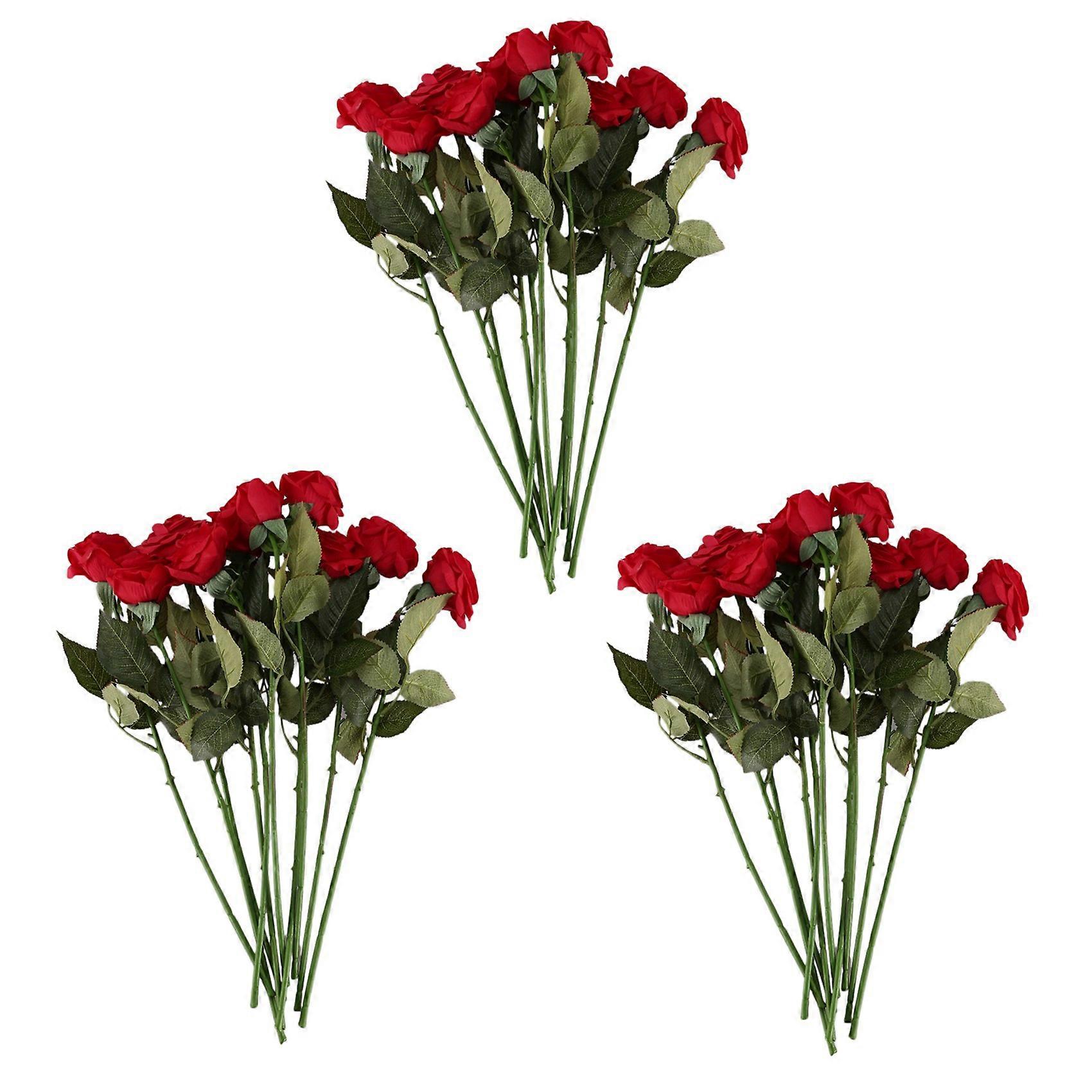 30 Pcs Latex Real Touch Rose Decor Rose Artificial Flowers Silk Flowers Floral Wedding Bouquet (Dark Red)
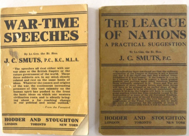 First editions in the original wrappers of these two fairly uncommon Smuts booklets. War-Time Speeches is 127pp. in the original beige wrappers which have some small fishmothing holes and a 2x3cm. chip off the lower front corner. The League of Nations is 71pp. in the original brown wrappers which are lightly worn but about very good.
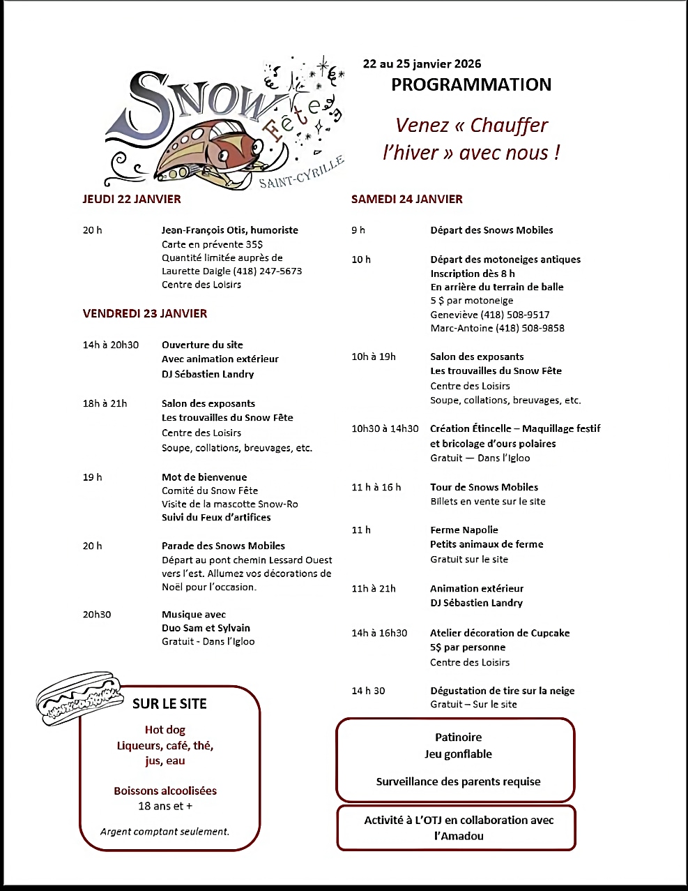 Ne manquez pas la randonnée de la Snow Fête à Saint-Cyrille de Lessard qui se déroulera le 24 janvier 2026!
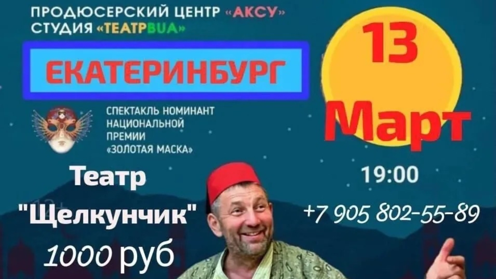 Дорогие друзья! 13 марта в 19:00 в «Щелкунчике» (ул.8 марта, 104) состоится моно-спектакль Раиля Садриева - «Дервиш».
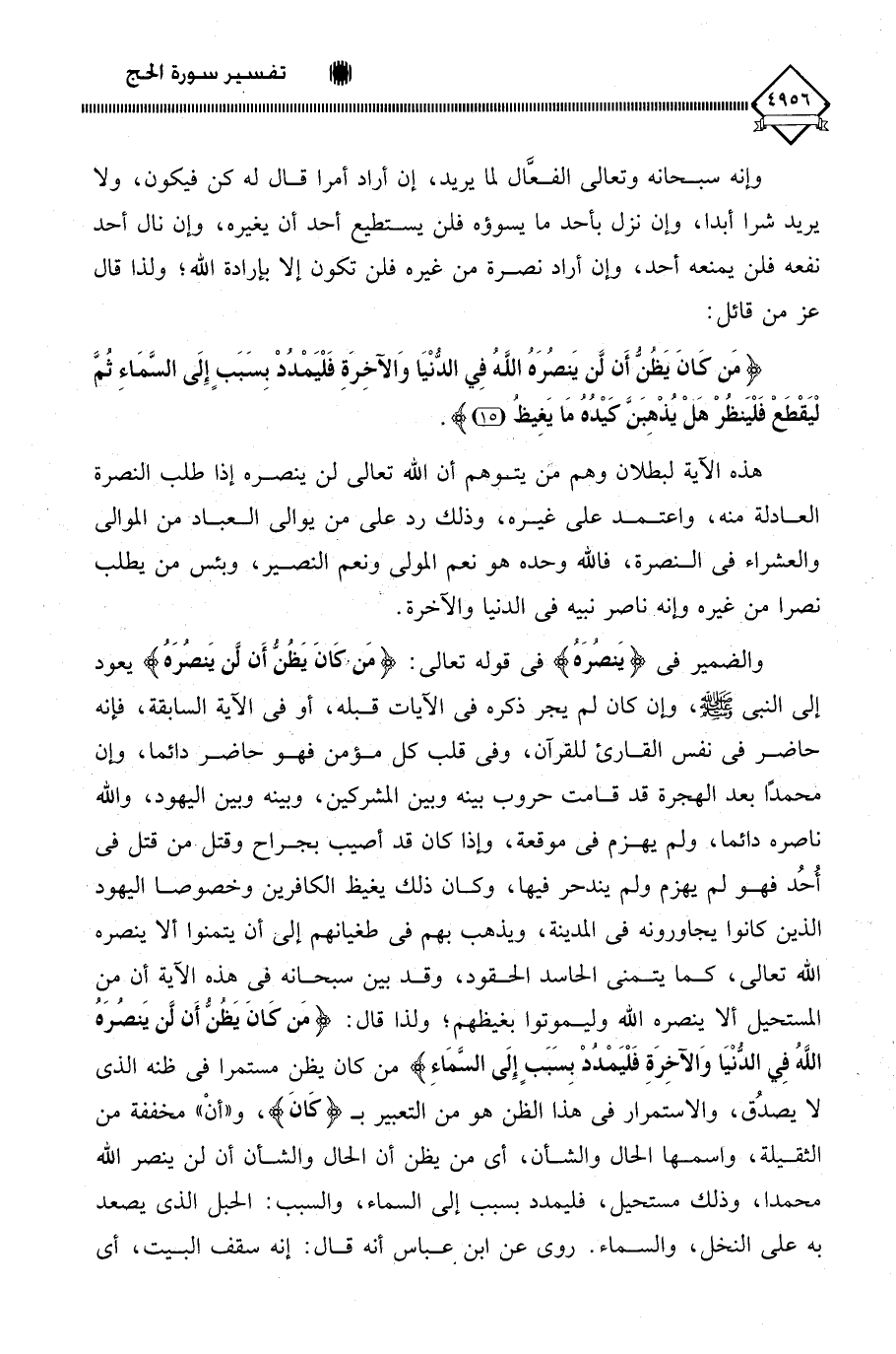 والضمير في (يَنصُرَهُ) في قوله تعالى: (مَنْ كَانَ يَظُنُّ أَنْ لَنْ يَنْصُرَهُ) يعود إلى النبي - صلى الله عليه وسلم - وإن كان لم يجر ذكره في الآيات قبله، أو في الآية السابقة، فإنه حاضر في نفس القارئ للقرآن، وفي قلب كل مؤمن فهو حاضر دائما، وإن محمدًا بعد الهجرة قد قامت حروب بينه وبين المشركين، وبينه وبين اليهود، واللَّه ناصره دائما، ولم يهزم في موقعة، وإذا كان قد أصيب بجراح وقتل من قتل في أُحُد فهو لم يهزم ولم يندحر فيها، وكان ذلك يغيظ الكافرين وخصوصا اليهود الذين كانوا يجاورونه في المدينة، ويذهب بهم في طغيانهم إلى أن يتمنوا ألا ينصره اللَّه تعالى، كما يتمنى الحاسد الحقود، وقد بين سبحانه في هذه الآية أن من المستحيل ألا ينصره اللَّه وليموتوا بغيظهم؛ ولذا قال: (مَن كَانَ يَظُنُّ أَن لَّن يَنصُره اللَّهُ فِي الدُّنْيَا وَالآخِرَةِ فَلْيَمْدُدْ بِسَبَبٍ إِلَى السَّمَاءِ) من كان يظن مستمرا في ظنه الذي لا يصدُق، والاستمرار في هذا الظن هو من التعبير بـ (كَانَ)، و " أنْ " مخففة من الثقيلة، واسمها الحال والشأن، أي من يظن أن الحال والشأن أن لن ينصر اللَّه محمدا، وذلك مستحيل، فليمدد بسبب إلى السماء، والسبب: الحبل الذي يصعد به على النخل، والسماء. روي عن ابن عباس أنه قال: إنه سقف البيت، أي
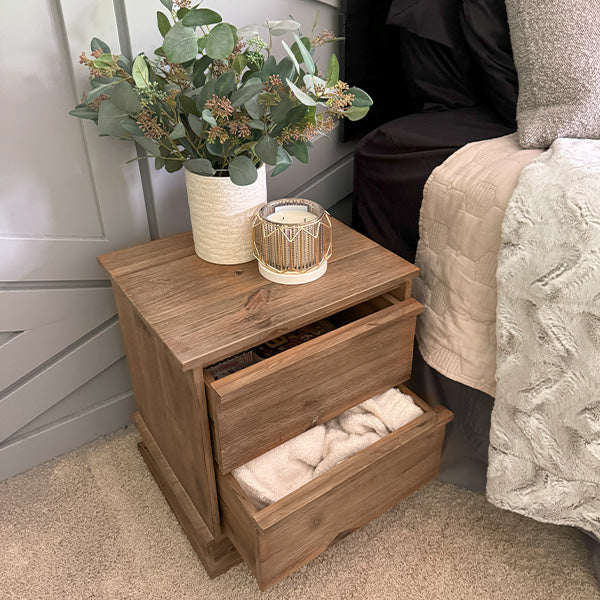 Transform your bedroom into a cozy farmhouse haven with our exquisite Traditional Pine Wood Nightstand. Enjoy abundant storage space for your daily essentials while embracing timeless craftsmanship. Don't miss out on our daily deals – order now and indulge in the perfect fusion of classic charm and modern convenience.
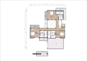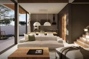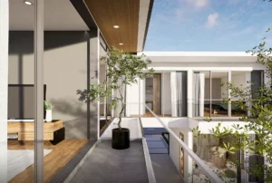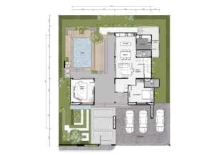 พื้นที่ใช้สอยภายในเน้นความโปร่ง โล่ง และเชื่อมต่อกันอย่างเป็นธรรมชาติ โซนห้องนั่งเล่น ห้องรับประทานอาหาร และมุมพักผ่อนต่าง ๆ ออกแบบให้เปิดรับวิวภายนอกอย่างเต็มที่ โดยเฉพาะสระว่ายน้ำที่ตั้งอยู่ในจุดศูนย์กลางของบ้าน ซึ่งไม่เพียงเพิ่มความสดชื่นให้กับบรรยากาศโดยรวม แต่ยังช่วยเติมความมีชีวิตชีวาให้กับพื้นที่อย่างมีจังหวะ
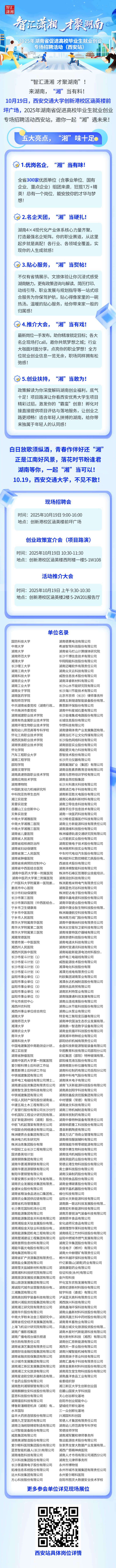 10月19日上午,西安交通大学创新港校区涵英楼前坪广场,2025年湖南省促进高校毕业生就业创业专场招聘活动西安站,邀你一起“湘”遇未来!
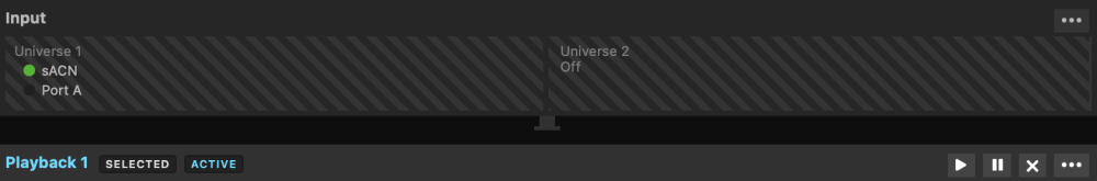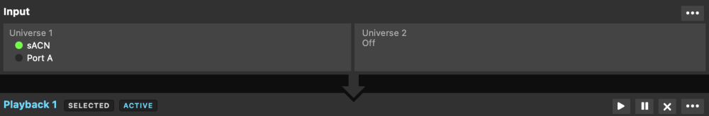 Click the ellipsis ( ) button in the top-right to enable or disable the input layer. When input is disabled CueServer will not pass input values through to the playbacks, the input layer’s arrow will be broken, and a crosshatch pattern will cover its universe blocks.
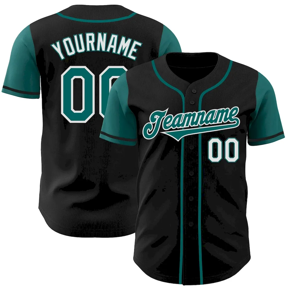 Custom Black Teal-White Authentic Two Tone Baseball Jersey
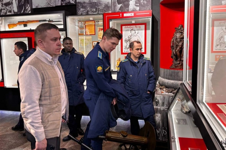В ульяновском выставочном павильоне «Оружие подвига» для курсантов Краснодарского высшего военного авиационного училища летчиков провели экскурсию по экспозиции и прочитали познавательную лекцию.

-------

Leave out every picture and copy, exactly as written, the lines from the one with "10月19日上午,西安交通大" through the end of the records above.

• Answer to the exercise:
 10月19日上午,西安交通大学创新港校区涵英楼前坪广场,2025年湖南省促进高校毕业生就业创业专场招聘活动西安站,邀你一起“湘”遇未来!
 Click the ellipsis ( ) button in the top-right to enable or disable the input layer. When input is disabled CueServer will not pass input values through to the playbacks, the input layer’s arrow will be broken, and a crosshatch pattern will cover its universe blocks.
 Custom Black Teal-White Authentic Two Tone Baseball Jersey
В ульяновском выставочном павильоне «Оружие подвига» для курсантов Краснодарского высшего военного авиационного училища летчиков провели экскурсию по экспозиции и прочитали познавательную лекцию.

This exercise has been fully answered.